Science creates knowledge. This knowledge production often follows certain principles. Being a statistician, with all the experience I had the privilege to perceive to date, I recognize this as one of the largest problems of statistics. Many people, especially young people, feel a strong urge towards freedom. I think this is wonderful. Radical thinking moves us all forward. However, through this urge for freedom already existing knowledge is often not valued, as the radical thought for the new is stronger than the appreciaten of the already established. This is in my experience the first grave danger statistics face. People reject the principles of statistics out of the urge to be radical. I say, be radical, but also stand on the shoulders of giants. The second grave danger of statistics is numbers per se. Most people are not fond of numbers. Some are even afraid. Fear is the worst advisor. Numbers are nothing to be afraid of, and likewise is statistics nothing to be afraid of. Yet learning statistics is no short task, and this is the third obstacle I see. Learning a scientific method, any scientific method, takes time. It is like learning an instrument, or learning martial arts. Learning a method is bot a mere internalising of knowledge, but instead learning a method is about gaining experience. Be patient. Take the time to build this experience. Within this Wiki, I give you a basic introduction how statistics can help you to create knowledge, and how you can build this experience best.

Occam's razor

"Entities should not be multiplied without necessity."

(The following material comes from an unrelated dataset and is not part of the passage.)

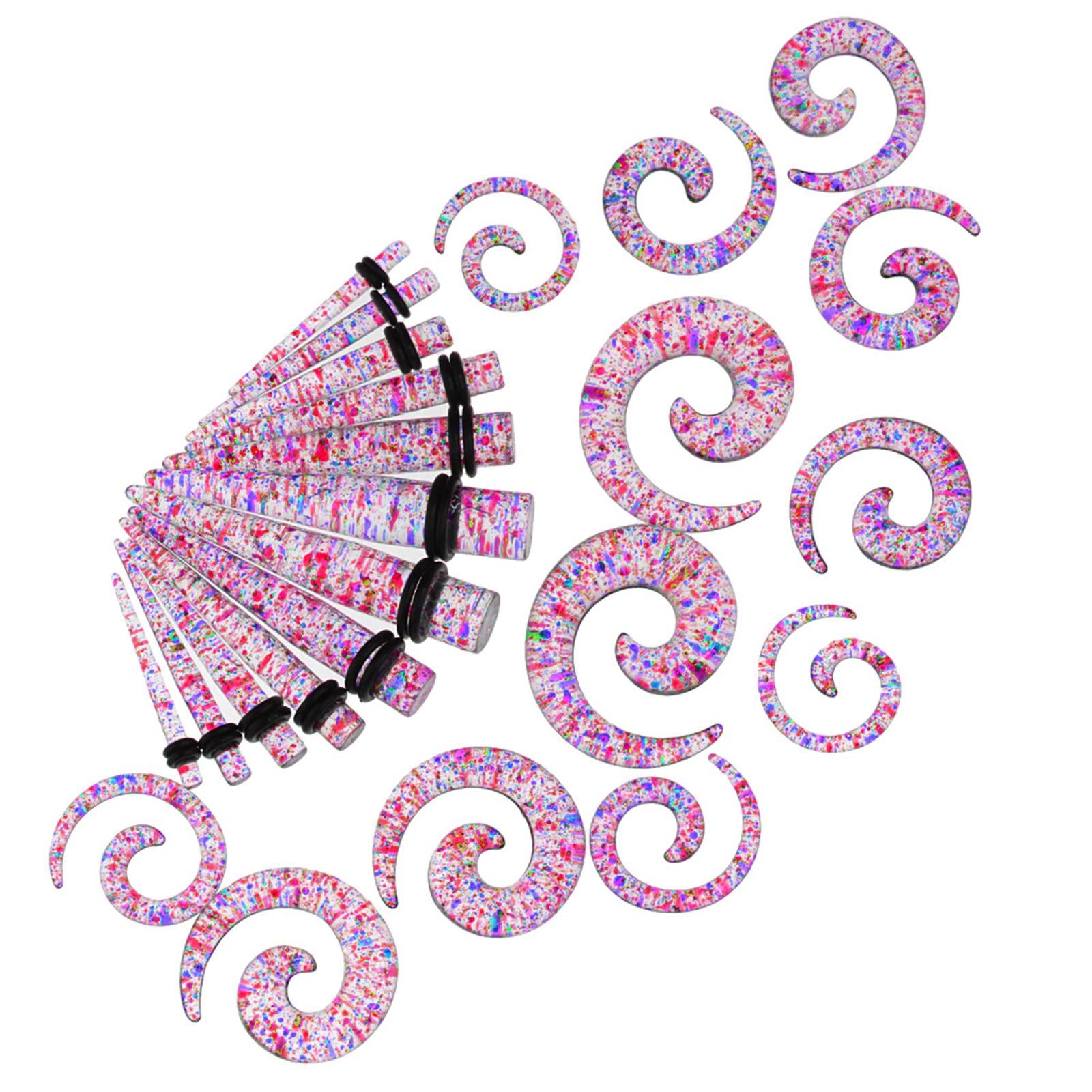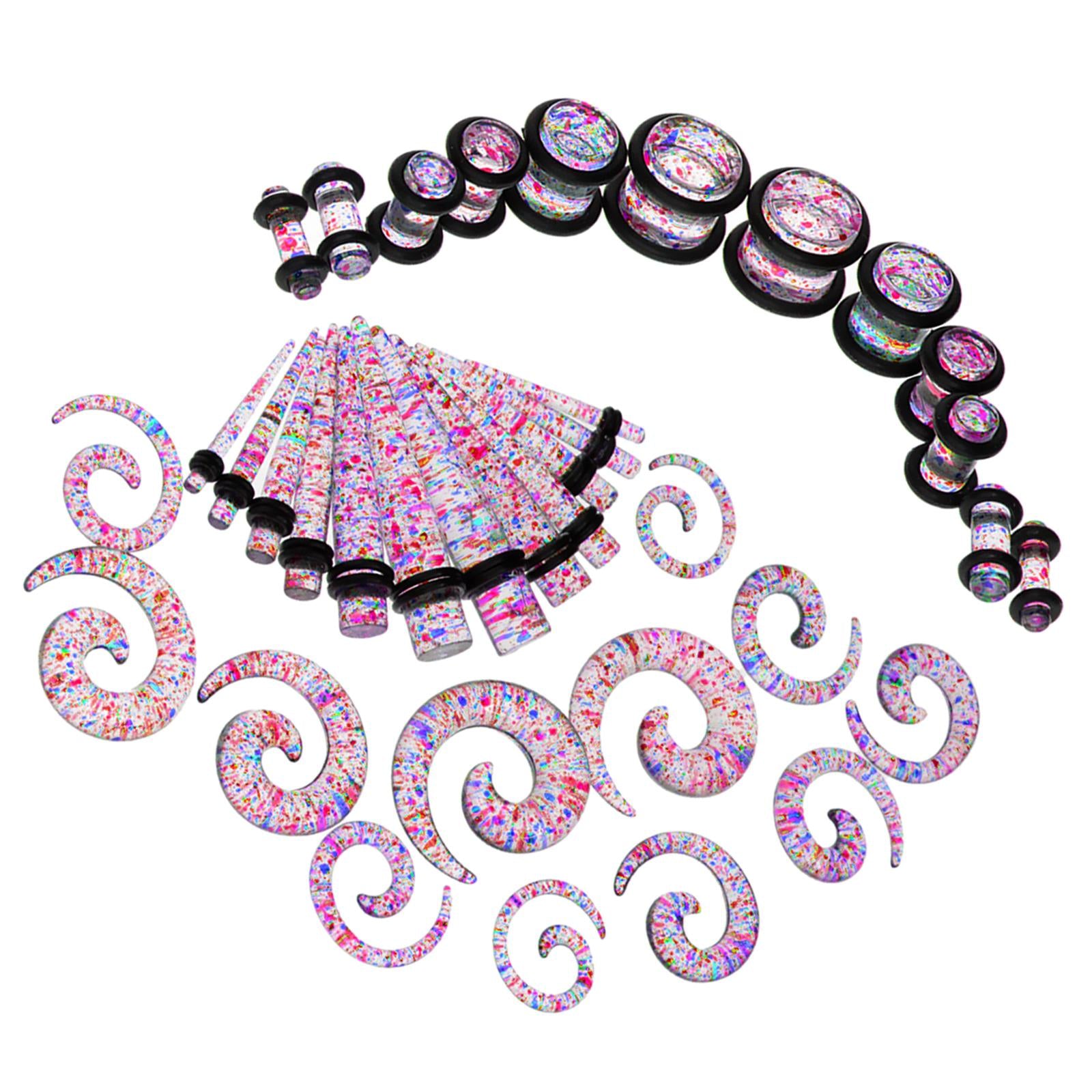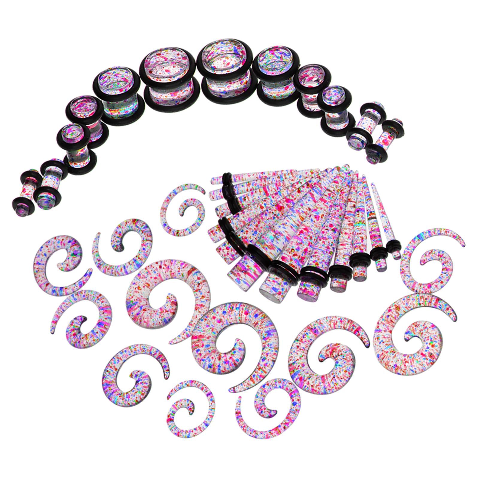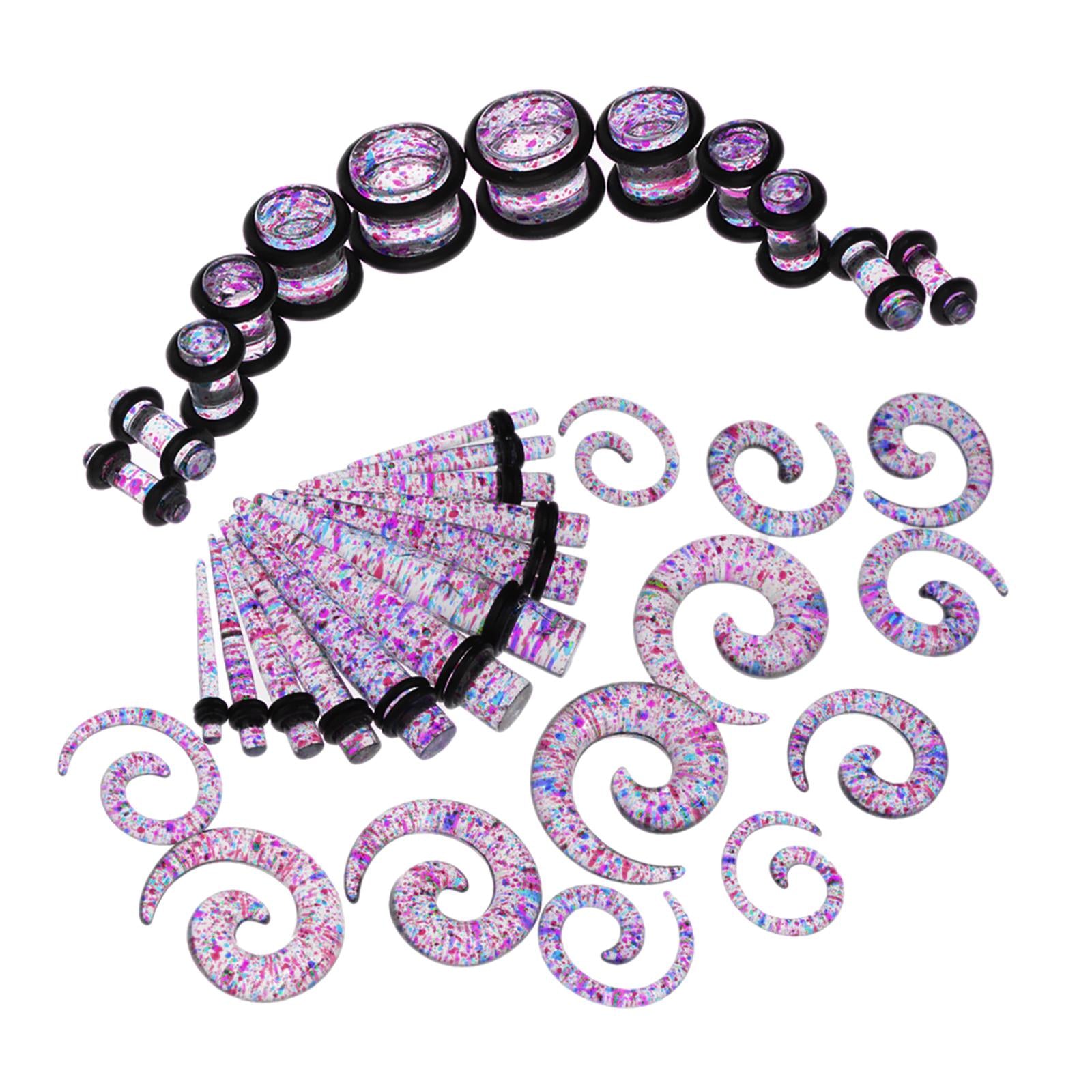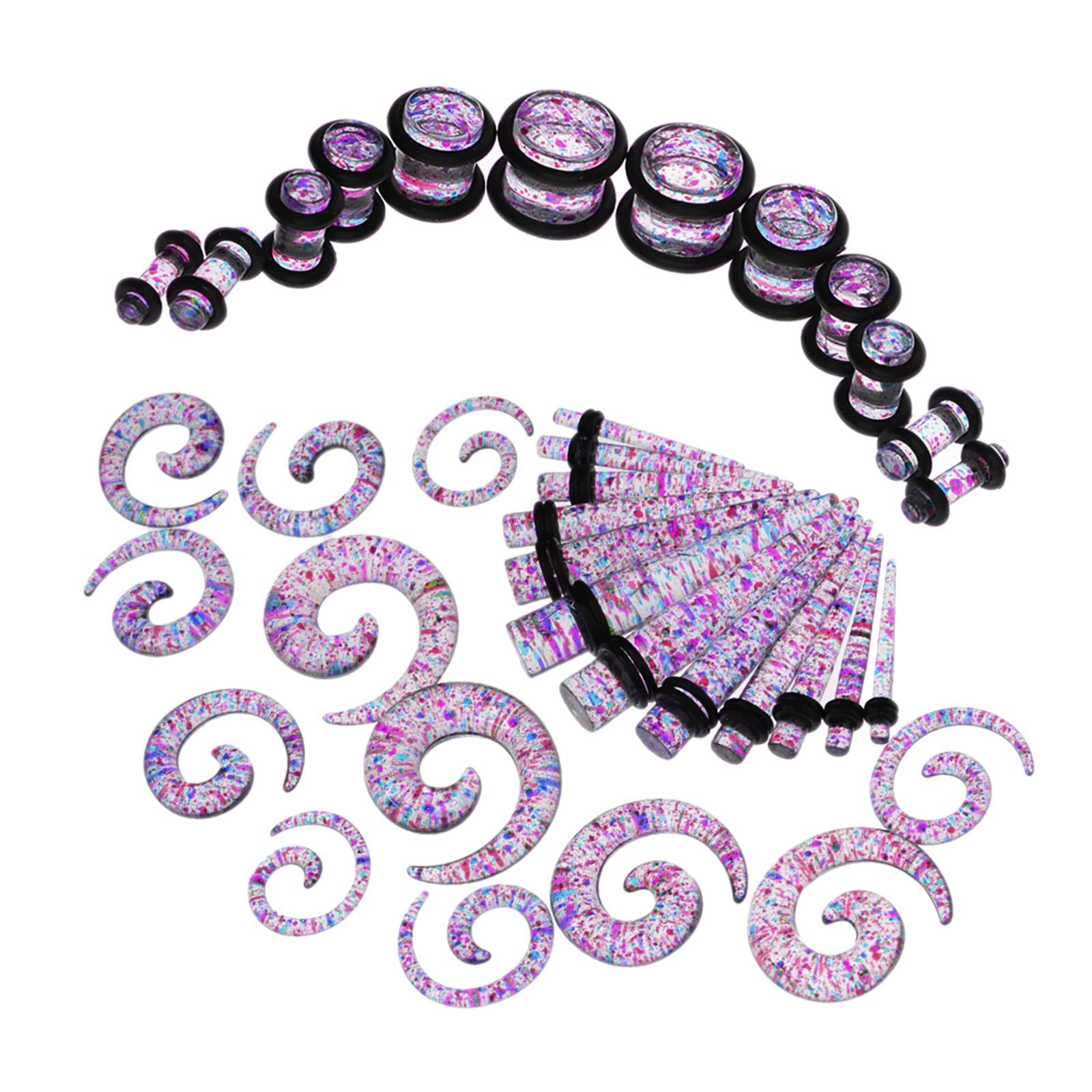You will receive 36 Pieces ,12 Pieces Acrylic Ear Taper Stretching Kit 8G - 00G And 12 Pieces Acrylic Double O-Ring Plug Set 8G - 00G Ear Expander Kit,12 Pieces Spiral Ear Stretcher

The Franciscan friar William of Occam almost single-handedly came up with one of the most fundamental principles to date in science. He basically concluded, that "everything should be as simple as complex as necessary, but as simple as possible." Being a principle, it is suggested that this thought extends to all. While in his time it was rooted in philosophy or more specifically in logic, Occam's razor turned out to propel many scientific fields later on, such as physics, mathematics, biology, theology, mathematics and much more. It is remarkably how purely rooted on theoretical consideration this principle generated the foundation for the scientific method, which would surface centuries later out of it. It also poses one of the main building blocks of modern statistics as William of Occam came up with the principle of parsimony. While this is well known in science today, we are up until today busy discussing whether things are simple or complex. Much of the scientific debate up until is basically a pendulum swing between these two extremes, with some people oversimplifying things, while others basically say that everything is so complex we may never understand it. Occam's razor concludes that the truth is in between.


Example:

How to make a Curry.

I love Curry. Having had the privilege to work in Nepal for sixth months, I had the opportunity to enjoy some good curry. How does one make a good curry? I think this is an ideal case of Occam's razor. You need quite some ingredients, Chillies, Ginger, Garlic, Onions, some vegetables of your choice, coconut milk, etc. Do you need hundreds of things? Probably not. An ideal curry contains as much ingredients as one needs, but not more.

You have been Sherlocked

Many people are familiar with the fantastic Sherlock Holmes. His creator, Sir Arthur Canon Doyle was obviously a great admirer of Occam's razor. Hence, it surfaces a lot in Sherlock, but can be also found in lots of other characters from fiction (Contact, House, Star Trek).

The scientific method

The scientific method was a true revolution, since it enabled science to test hypothesis through observation. Before, science was vastly dominated by theorizing -that is developing theories- yet testing theories proved to be more difficult. While people or scientists tended to observe since the dawn of humans, making such observations in a systematic way opened a new world in science. All observations are normative, as they are made by people. This means that observations are constructs, where people tend to see things through a specific "lens". A good example of such a specific normative perspective is the number zero, which was kind of around for a long time, but only recognised as such in India and Arabia in the 8th-9th century (0). For us the 0 seems almost as if it was always there, but in the antique world it was far from unclear whether the 0 is an actual number. This illustrates how normative perspectives change and evolve, although not everybody may be aware of such radical developments as Arabic numbers.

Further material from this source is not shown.